-- Information shown follows --

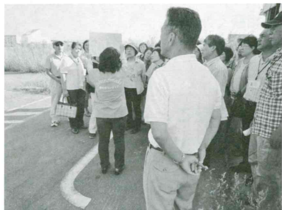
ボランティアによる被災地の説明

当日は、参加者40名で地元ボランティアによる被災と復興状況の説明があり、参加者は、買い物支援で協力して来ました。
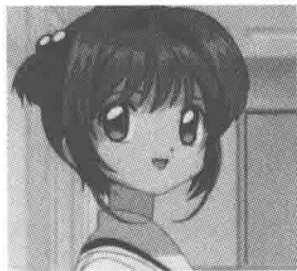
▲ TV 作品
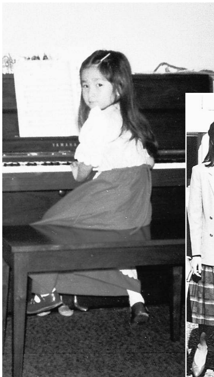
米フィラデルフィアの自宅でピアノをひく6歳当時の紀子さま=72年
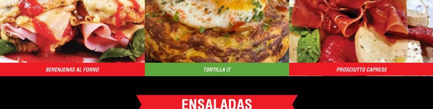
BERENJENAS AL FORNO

-- Information shown concluded --
-- Information shown follows --

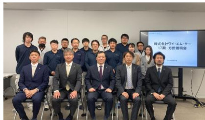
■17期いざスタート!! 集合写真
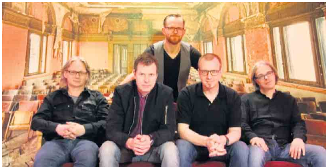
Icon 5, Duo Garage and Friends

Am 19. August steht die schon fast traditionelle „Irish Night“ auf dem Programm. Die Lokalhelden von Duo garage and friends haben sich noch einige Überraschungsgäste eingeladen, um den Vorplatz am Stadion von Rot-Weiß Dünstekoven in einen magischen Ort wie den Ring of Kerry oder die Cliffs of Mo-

-- Information shown concluded --

Restate word for word every line from the one with "ボランティアによる被災地の説明" up to and including the one with "BERENJENAS AL FORNO" in the records above, minus the pictures.

ボランティアによる被災地の説明

当日は、参加者40名で地元ボランティアによる被災と復興状況の説明があり、参加者は、買い物支援で協力して来ました。
▲ TV 作品
米フィラデルフィアの自宅でピアノをひく6歳当時の紀子さま=72年
BERENJENAS AL FORNO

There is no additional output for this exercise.